Anecdotally, however, from our experience, not every yishuv/moshav is a homogeneous mass. That’s kind of impossible, given that people change constantly, values shift and children are often of a different mind than their parents. And there are those moshavim like Sde Ilan where the criteria are broad yet satisfyingly limiting for our comfort level: Are you an amiable sort? Will you be keeping kosher and observing Shabbat? Yalla, let’s hang out for hours at the park and grumble about the price that wholesalers are paying for our nectarines while our kids dictate the goings-on of the moshav.


Getting accepted is the easy part. It’s what comes after — for families that buy nachalot (farmland on which you’ll build your house or move into the preexisting house) — which proves far more logistically daunting.

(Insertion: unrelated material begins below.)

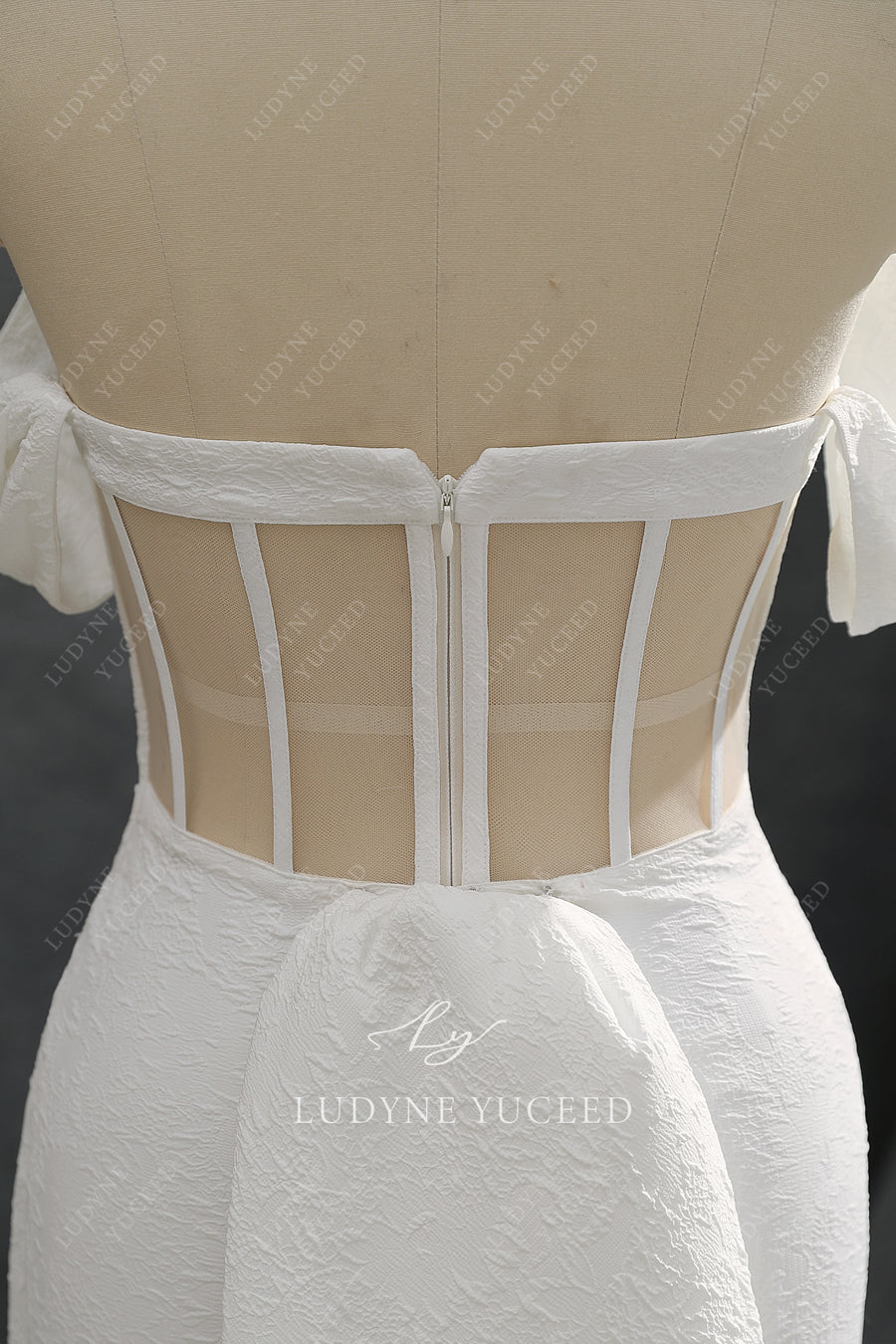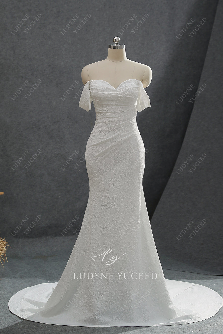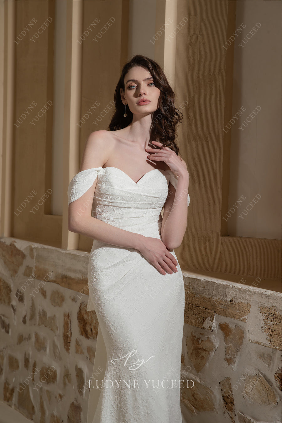 This fit and flare bridal gown will have you feeling sexy and elegant.Impeccably tailored and optioned in luxurious Jacquard Satin , the pleating continues down the skirt, hugging the body along the way. A cuffed sweetheart neckline creates off the shoulder straps, which lead to an unexpected illusion back with exposed boning. The detachable bow detail are so pretty and glamorous, made for a one-of-a-kind girl.
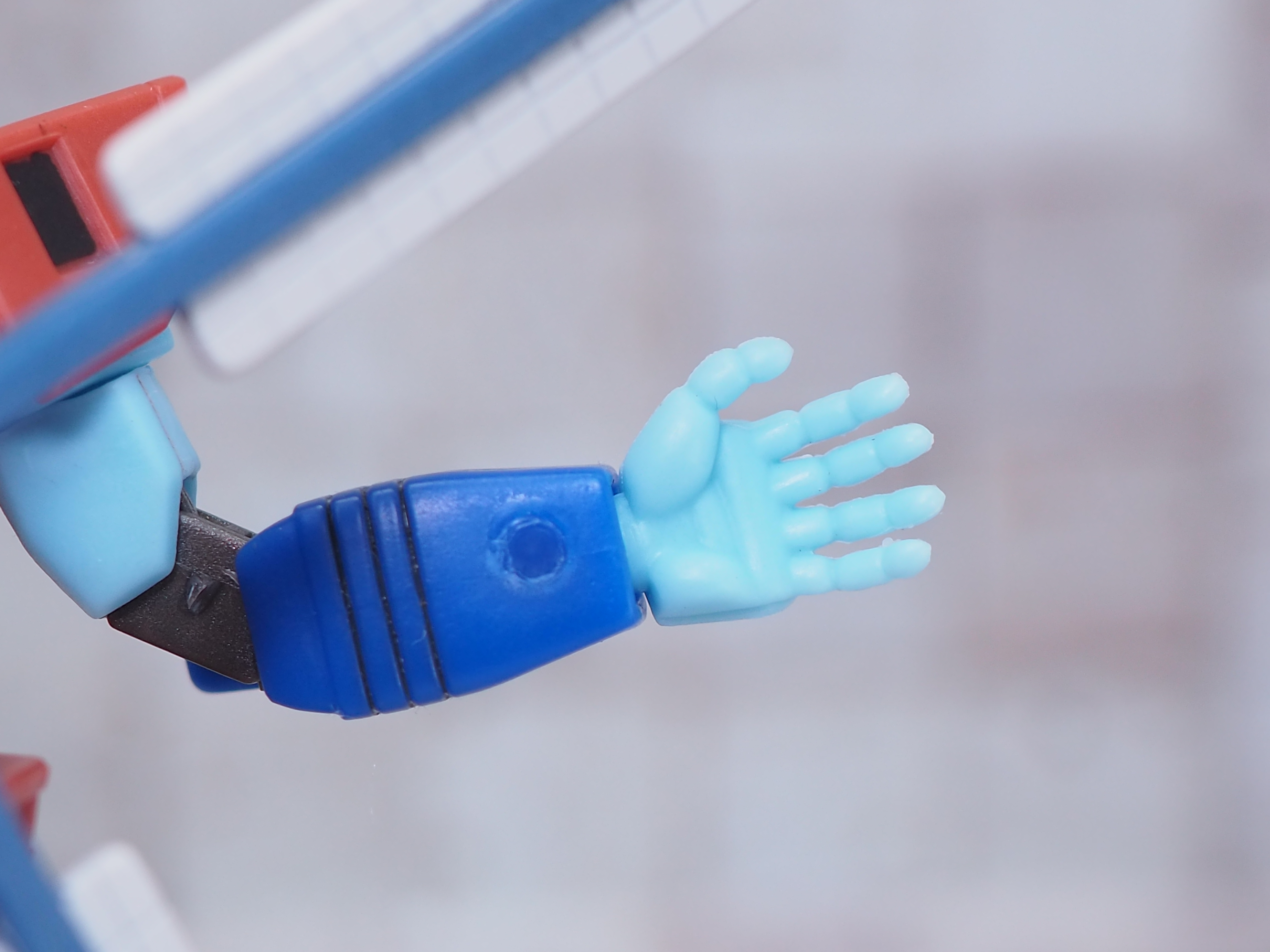 腕は肩がボールジョイントによる可動、二の腕にはロールが設けられています。

The bylaws of our moshav (and many moshavim/yishuvim throughout the country) require us to actually live on the moshav for half a year before officially being voted in as a chaver (member) of the agudat hachakla’im (I like to translate this as the “farmers’ guild;” it’s the term for the collective of owners of agricultural tracts). To own a nachala means to belong to the agudat hachakla’im — which also means that you are the proud joint-manager of the moshav’s communal farmland, and have an equal say along with the other moshav farmers of what to do with it (Yes, you also have an equal share of its annual profits.)  


Were we to have bought a house in the moshav’s harchava (newly-established extension of the moshav, an growth initiative adopted by many yishuvim/moshavim to help the community stay vibrant in its population and financial health by selling plots of moshav land to mostly young families so they can build their own homes), then we would not need to be voted into the agudat hachakla’im and would not need to undergo the six-month “trial period” before actually building our home. If we weren’t planning on living on a nachala, we could have moved right into a home that we bought or built, suffering only from virtual suffocation in the first few weeks by mountains of chocolate cakes and kindness.


But our path (and others here as well, as we’re discovering among some of the other newbies to the moshav) is more complicated. You can either rent an empty house on the moshav for half a year (if you’re lucky enough to find one) and then start building on your land once you’re voted in, or you can plunk down a caravan or three on your land and live in it for that half year. We couldn’t wrap our heads around what the latter option would entail, so here we are in a rental for the time being, waiting patiently for these six months to pass. Our neighbors a few nachalot down chose the caravan option, and they have a very colorful menagerie of structures in place for the time being as their house plans get approved.


For those interested in living in a moshav and/or owning a farm in Israel, don’t let the long (and sometimes frustrating) process kill the dream before it even starts. As with everything, a jolly attitude and willingness to work within the rules goes a long way to getting what you want.


Next installment of the Tachlis series: Long-Term Storage of Your Stuff in the Interim Period

2 Replies to “Tachlis #1: The Acceptance Process”

  1. This was actually quite informative, thank you.

    Would one, in theory, be allowed to build a castle/estate house on their plot to go with the farm?

    1. As long as it’s on the area of the plot designated for the home and not on the land designated for agricultural development, and as long as the structure conforms to the building code (which defines permitted size, distance from borders, etc), yes.